Clinical Trial Details
— Status: Not yet recruiting
Administrative data
NCT number |
NCT06134050 |
Other study ID # |
GS001 |
Secondary ID |
|
Status |
Not yet recruiting |
Phase |
N/A
|
First received |
|
Last updated |
|
Start date |
November 2023 |
Est. completion date |
October 2028 |
Study information
Verified date |
November 2023 |
Source |
Martina Hansen's Hospital |
Contact |
Geir Solberg, MD |
Phone |
+4746821397 |
Email |
geir.solberg[@]mhh.no |
Is FDA regulated |
No |
Health authority |
|
Study type |
Interventional
|
Clinical Trial Summary
The purpose of this RCT is to investigate whether high tibial osteotomy using 3D printed
patient specific guides aiming at 55% correction is non-inferior to aiming at 62%.
Description:
HTO should play a major role in modern treatment algorithms for knee overload and
osteoarthritis. By transferring load from the failing/osteoarthritic compartment of the knee
to a healthier compartment, HTO can delay or stop the progression of osteoarthritis at an
early stage. This can remove pain and increase knee function, making return to work,
activities and sport possible. HTO may delay or avoid the need for total knee replacement for
>10 years for at least 80% of patients.
The optimal target for the postoperative mechanical axis of the leg is not yet clarified.
Both under- and overcorrection can lead to unfavourable results. The classical Fusjisawa´s
point of 62%, or approximately 3 deg. of valgus, is still often used as the optimal target,
and studies show good clinical results and longevity. With an often accepted accuracy of +/-
3 deg. with conventional methods, the accepted postoperative range of valgus will be from 0
deg. to 6 deg. But the optimal range is possibly much narrower. Recent studies suggest a
narrower range and less overcorrection.
3D-printed patient specific instrumentation (PSI) is based on CT of the individual patient´s
knee, data simulation of the planned correction and subsequent 3D printed guides for each
patient. The PSI design varies, but involves a positioning guide fitting only in position one
the proximal tibia, a cutting guidance and a wedge opening guide. PSI seem to improve
accuracy to the level of approximately +/- 1 deg. from the preplanned correction and leads to
fewer unacceptable outliers compared to the conventional methods available. Improved accuracy
has not shown to yield better clinical results.
In the future the target axis should possibly be individualized, based on the pathology
treated, gait analyses and data simulations.
Modern gait analysis using wearable accelerator sensors, often referred to as inertial
measurement units (IMUs) is rapidly evolving. By coupling individualized and accurate
osteotomy with gait analysis using wearable sensors, one could better predict and understand
how to normalise each individual patients´ gait pattern and possibly improve patient
satisfaction and function after surgery.
By coupling the highly accurate PSI method, an angular stable implant and a composite of
outcomes based on radiology, validated patient reported outcome measures and gait analysis,
our RCT can investigate if a correction target of 55% is non-inferior to the common 62%.

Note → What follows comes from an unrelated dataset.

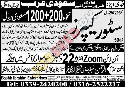 Al Rehman Institute of Technical Training Center, Dammam Saudi Arabia Pakistan invites applications from eligible candidates for the post of Store Keeper as per advertisement of 19 December, 2025, published in Express Newspaper. Matric educational qualification will be preferred.

The study will be designed as a continuous outcome non-inferiority trial where KOOS QoL
subscale is used as the primary outcome and the basis for sample size calculation. The
Minimal Clinical Important Difference (MCID) for KOOS QoL regarding HTO is 16.5 points. A
presumed standard deviation (SD) of 23 points is obtained from a previous study on a similar
population. A one-sided t-test power analysis with 2.5% significance level and 80% power
level indicates that 31 patients would be needed in each group. In total 70 patients is
planned to be included, which takes into account up to 10% dropout rate and some uncertainty
regarding the predicted score values.
Statistics:
The primary outcome will be analyzed with a linear mixed model, where the measurements from
all time points will be included. The main effect measure will be the between-group
difference in change from baseline to two years, which will be estimated with a 95%
confidence interval and a P-value for non-inferiority where the null hypothesis is that
osteotomy correction to the 55% target is inferior to the correction to the 62% target and
the alternative states that it is not. Inferiority is determined by KOOS QOL difference of at
least MCID.
Paired samples t-tests will be used to analyze differences between pre- and postoperative
measurements on X-rays within each group. Independent samples t-tests will be used to analyze
differences between groups. A p-value < 0.05 is considered statistically significant.